通过蛮力搜索解决旅行商问题；通过未成年人的扩展找到行列式。

http://en.wikipedia.org/wiki/Big_O_notation#Orders_of_common_functions

http://en.wikipedia.org/wiki/Big_O_notation#Orders_of_common_functions

Bogosortis the only "official" one I've encountered that ventures into the O(n!) area. But it's not a guaranteed O(n!) as it's random in nature.

Bogosort是我遇到的唯一一个涉足O(n!) 领域的“官方”。但它不是一个有保证的 O(n!)，因为它本质上是随机的。

I think I'm a bit late, but I find snailsortto be the best example of O(n!) deterministic algorithm. It basically finds the next permutation of an array until it sorts it.

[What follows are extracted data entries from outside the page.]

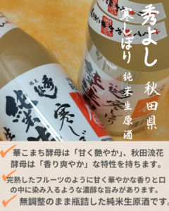 秀よし 寒しぼり 純米生原酒 500ml 鈴木酒造(秋田県) 商品コード:01-038-10-02 在庫状態 : 在庫有り ¥1,400(税込) 数量本 20歳未満の方への酒類の販売は行っておりません 寒絞りとなる旬のお酒で、一切加熱処理をせず、無調整のまま瓶詰した純米生原酒です。 注目すべきは、華こまち酵母と秋田流花酵母(協会1501号)のダブル酵母を使用していること。 華こまち酵母は「甘く艶やか」、秋田流花酵母は「香り爽やか」な特性を持ちます。 さらに秀よしの通常の純米酒の約半分の仕込み量で、非常に丁寧に仕込んでいます。 - 銘柄/蔵元 紹介 - 秀よし 鈴木酒造(秋田県) 創業は江戸時代初期の元禄2年。現在も受けついできた技と心を大切に、品格ある大吟醸酒からスパークリング清酒などの新たなジャンルのものまで、全量自家精米でキレの良いバランスの取れたお酒を生産しております。 この銘柄/蔵元ページへ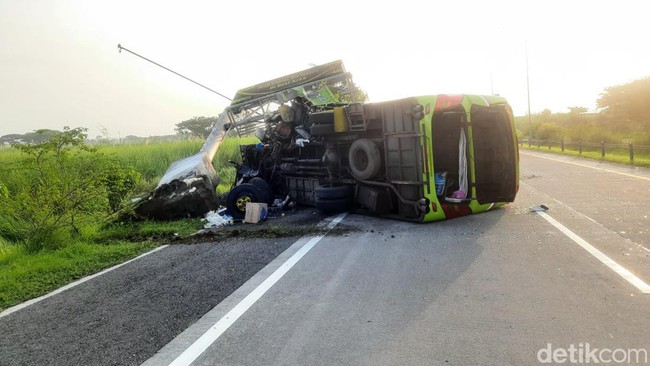 "Bus oleng ke kiri kemudian menabrak tiang VMS atau tiang pesan-pesan sekitar pukul 06.15 WIB," kata Dwi kepada detikJatim, Senin (16/5/2022).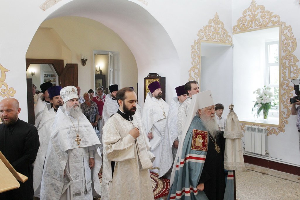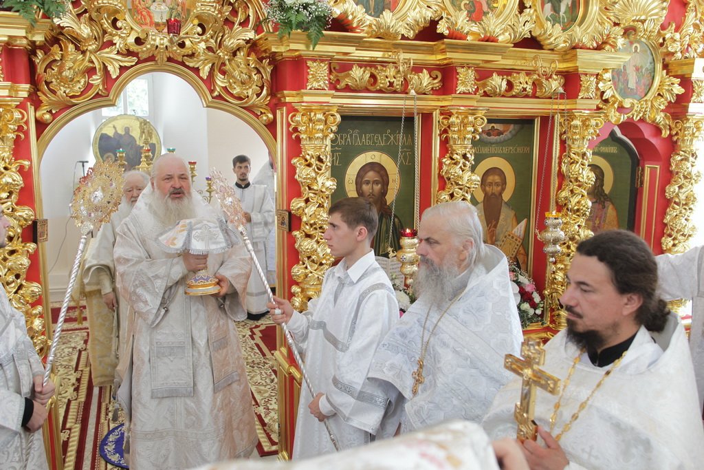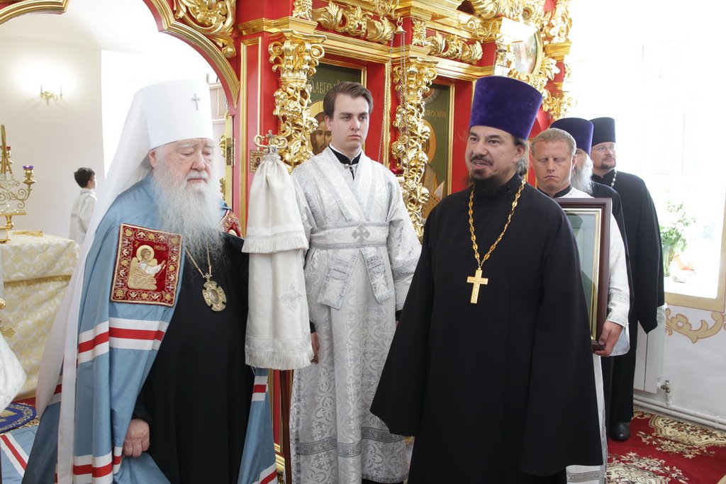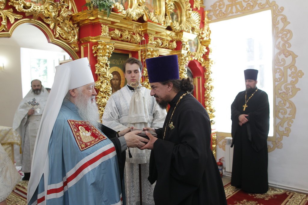 «Ваше Преосвященство, дорогой отец Владимир, всечестные отцы благочинные, почетные гости, прихожане, дорогие и возлюбленные братья и сестры! С глубоким чувством радости и умиления я посещаю сегодня этот святой храм. За последние дни я освятил несколько таких древних, некогда поруганных и разрушенных храмов, но восстановленных благодаря жертвам благотворителей и наших прихожан. И сегодня я опять радуюсь, что Господь вновь и вновь дает мне видеть силу веры людей, которые, несмотря на то что целое поколение в прошлом веке было отторгнуто от веры, не отошли от Христа и хранили в своем сердце веру в Бога и этой верой жили. Конечно, прискорбно слышать о том, что в 1938 году после закрытия храма он использовался не по назначению, а затем вовсе был заброшен и обречен не только на поругание, но на полное разрушение. Но милость Божия и предстательство Царицы Небесной сохранили этот храм. Я благодарен отцу Иоанну Монаршеку, который предпринимал усилия, чтобы вернуть храм Церкви, чтобы зарегистрировать здесь православную общину. Знаю, в каких условиях молились люди в этом храме, с какой горячей, дерзновенной верой, и радуюсь, что они снова обрели этот храм для молитвы. Отец Иоанн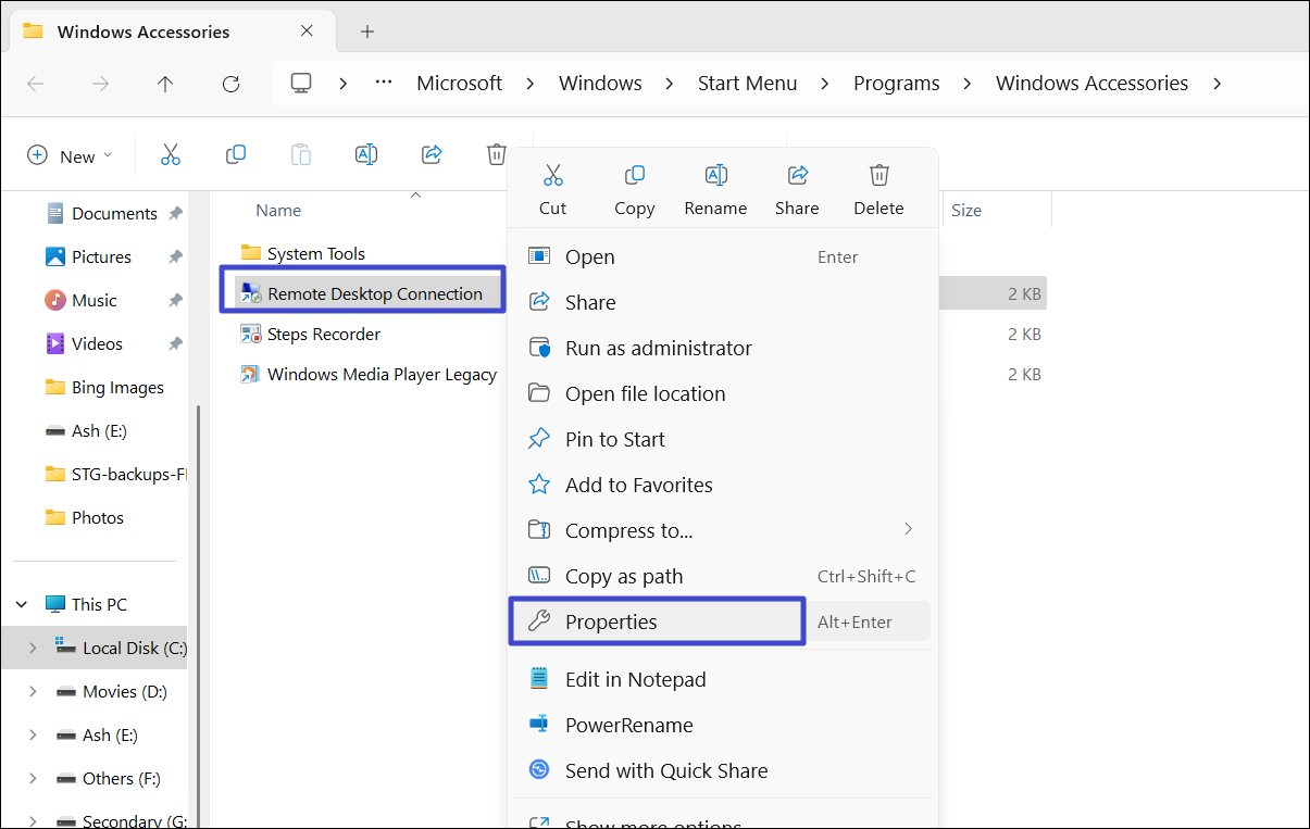 2. 右鍵單擊“遠程桌面連接” 快捷方式並選擇“特性”。

我想我有点晚了，但我发现snailsort是 O(n!) 确定性算法的最佳示例。它基本上会找到数组的下一个排列，直到对其进行排序。

It looks like this:

它看起来像这样：

template <class Iter> 
void snail_sort(Iter first, Iter last)
{
    while (next_permutation(first, last)) {}
}

The recursive method you probably learned for taking the determinant of a matrix (if you took linear algebra) takes O(n!) time. Though I dont particularly feel like coding that all up.

您可能学到的用于获取矩阵行列式的递归方法（如果您使用线性代数）需要 O(n!) 时间。虽然我并不特别喜欢编码。